A Distributed Framework for NLP-Based Keyword and Keyphrase Extraction From Web Pages and Documents

Nesi, Paolo; Pantaleo, Gianni; Sanesi, Gianmarco

doi:10.18293/DMS2015-024

The recent growth of the World Wide Web at increasing rate and speed and the number of online available resources populating Internet represent a massive source of knowledge for various research and business interests. Such knowledge is, for the most part, embedded in the textual content of web pages and documents, which is largely represented as unstructured natural language formats. In order to automatically ingest and process such huge amounts of data, single-machine, non-distributed architectures are proving to be inefficient for tasks like Big Data mining and intensive text processing and analysis. Current Natural Language Processing (NLP) systems are growing in complexity, and computational power needs have been significantly increased, requiring solutions such as distributed frameworks and parallel computing programming paradigms. This paper presents a distributed framework for executing NLP related tasks in a parallel environment. This has been achieved by integrating the APIs of the widespread GATE open source NLP platform in a multi-node cluster, built upon the open source Apache Hadoop file system.
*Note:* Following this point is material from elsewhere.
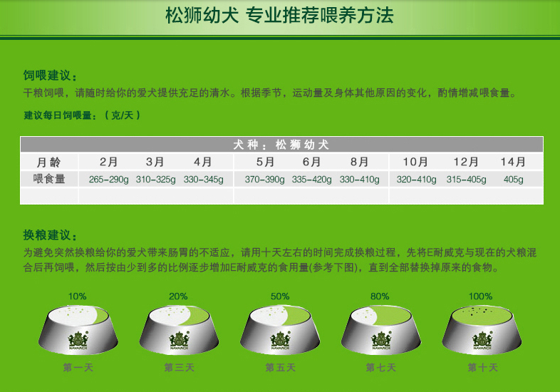干糧飼喂,請隨時給您的愛犬提供充足的清水。根據季節(jié)、運動量及身體其他原因的變化,酌情增減喂食量。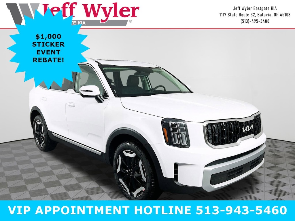 Glacial White Pearl 2025 Kia Telluride EX 3.8L V6 DOHC AWD 8-Speed Automatic 18/23 City/Highway MPG Jeff Wyler Eastgate Auto Mall is very proud to offer this terrific-looking 2025 Kia Telluride EX in Glacial White Pearl. Well equipped with: EX Captain's Chair Package (2nd Row Captain Chairs), 3rd row seats: split-bench, 4-Wheel Disc Brakes, 6 Speakers, ABS brakes, Air Conditioning, All Weather Floor Mats, Alloy wheels, AM/FM radio: SiriusXM, Apple CarPlay & Android Auto, Auto High-beam Headlights, Auto-dimming Rear-View mirror, Automatic temperature control, Brake assist, Bumpers: body-color, Compass, Delay-off headlights, Driver door bin, Driver vanity mirror, Dual front impact airbags, Dual front side impact airbags, Electronic Stability Control, Emergency communication system: 911 Connect, Exterior Parking Camera Rear, Four wheel independent suspension, Front anti-roll bar, Front Bucket Seats, Front Center Armrest, Front dual zone A/C, Front reading lights, Fully automatic headlights, Heated & Ventilated Front Bucket Seats, Heated door mirrors, Heated front seats, Illuminated entry, Knee airbag, Leather Seat Trim, Leather Shift Knob, Leather steering wheel, Low tire pressure warning, Navigation System, Occupant sensing airbag, Outside temperature display, Overhead airbag, Overhead console, Panic alarm, Passenger door bin, Passenger vanity mirror, Power door mirrors, Power driver seat, Power Liftgate, Power moonroof, Power passenger seat, Power steering, Power windows, Radio data system, Radio: AM/FM Display Audio System, Rear air conditioning, Rear anti-roll bar, Rear audio controls, Rear reading lights, Rear seat center armrest, Rear side impact airbag, Rear window defroster, Rear window wiper, Reclining 3rd row seat, Remote keyless entry, Security system, Speed control, Speed-sensing steering, Split folding rear seat, Spoiler, Steering wheel mounted audio controls, Tachometer, Telescoping steering wheel, Tilt steering wheel, Traction control, Trip computer, Turn signal indicator mirrors, Variably intermittent wipers, Ventilated front seats, and Wheels: 20" x 7.5" Black Finish. Price includes: $1000 - Sticker Sales Event Retail Bonus Cash. Exp. 01/02/2026

The proposed framework has been evaluated against a real corpus of web pages and documents.

A Distributed Framework for NLP-Based Keyword and Keyphrase Extraction From Web Pages and Documents / Nesi, P., Pantaleo, G., Sanesi, G.. - ELETTRONICO. - 2015:(2015), pp. 155-161. (21st Int. Conf. on Distributed Multimedia Systems (DMS'2015) Hyatt Regency, Vancouver, Canada August 31 - September 2, 2015) [10.18293/DMS2015-024].